Ab jetzt ließen wir es etwas ruhiger angehen, wollten in den nächsten Tagen keine größeren Städte und Menschenmassen sehen. Wir wollten uns treiben lassen. Zunächst landeten wir auf einem scheinbar ehemaligen Campingplatz in einem kleinen Dorf. Außer uns gab es nur ein paar Angler und noch einen Camper aus England. Am späten Nachmittag machten wir noch einen kleinen Spaziergang durch das Dorf und fanden sogar einen Supermarkt und es kam noch besser. Dort gab es eine passende Gaskartusche für unseren Kocher für kleines Geld. So klein das Dorf auch war, hatte es gefühlt 10 Kneipen., die zwar nicht mehr alle offen waren, aber egal. Vor Jahren muss hier wohl mal der Bär gesteppt haben.

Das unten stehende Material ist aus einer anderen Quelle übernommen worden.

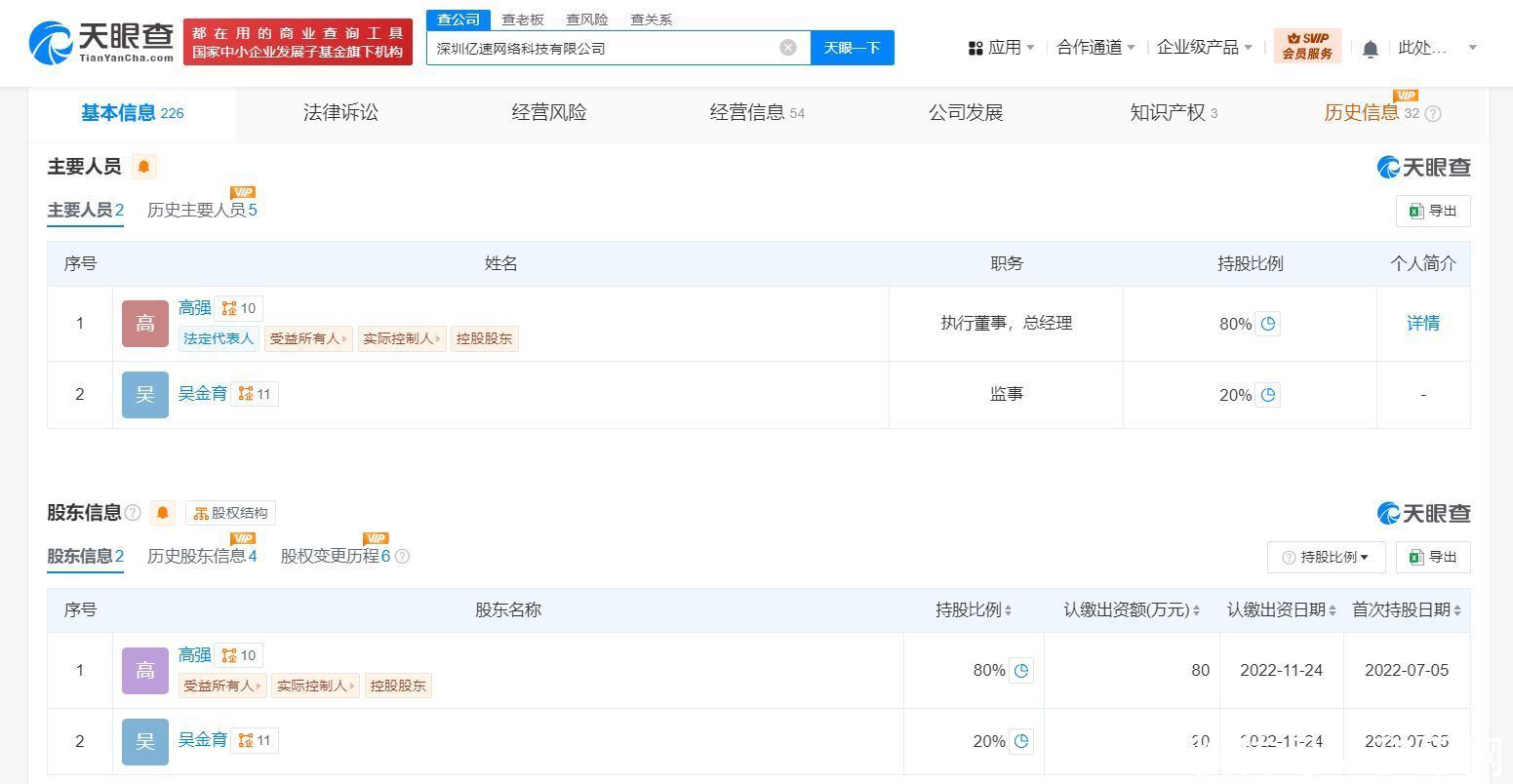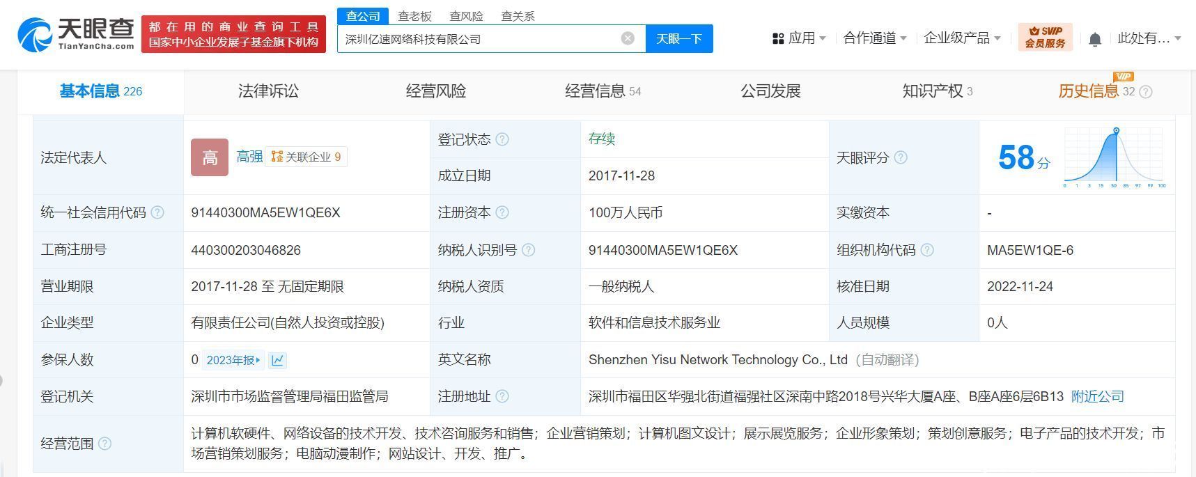 天眼查App显示,深圳亿速网络科技有限公司成立于2017年11月,法定代表人为高强,注册资本100万人民币,经营范围含计算机软硬件、网络设备的技术开发、技术咨询服务和销售,企业营销策划,计算机图文设计,展示展览服务,企业形象策划,市场营销策划服务等。股东信息显示,该公司由高强、吴金育共同持股。

Am nächsten Tag fuhren wir weiter in Richtung Athen, das war unsere geplante Endstation in ein paar Tagen. Nach zwei Stunden strandeten wir an einem einsamen Strand. Alle Hotels und auch der Campingplatz sowie die Bars waren bereits geschlossen. Es gab nur ein paar Einheimische die hierher zum Baden kamen. Da der Campingplatz geschlossen war, konnten wir das Schild Camping verboten getrost ignorieren. Wo sollten wir denn sonst hin? Am Strand trafen wir neben streunenden Hunden noch eine Dame die Deutsch sprach und uns erklärte im Nachbarort gibt es offene Geschäfte und Cafés. Wir fanden ein niedliches Café mit selbst gebackenen Leckereien. Da Ida inzwischen auch richtig gut sitzen kann, machten wir es uns dort auf dem Sofa bequem. Am nächsten Morgen sprangen wir ins Meer und konnten die Duschen am Strand nutzen. Das Schild, bitte ohne Shampoos duschen, hatten wir zu spät gesehen. So ging es auch die nächsten zwei Tage weiter. Wir fuhren immer ca. zwei Stunden und suchten uns dann ein ruhiges Plätzchen. Wir standen an einer kleinen Fischerbucht und einem weiterem kleinen Strand. Wir schafften es sogar unsere Stühle, den Tisch und das Sonnensegel aufzubauen. Micha warf ab und zu noch die Angel aus und kochte uns ein leckeres One Pot Essen. Rezept kann gerne nachgeliefert werden. Alles in allem ließen wir so richtig die Seele baumeln. Selbst Ida war gechillt, zumindest am Tag. Am Sonntag machten wir uns dann auf nach Athen.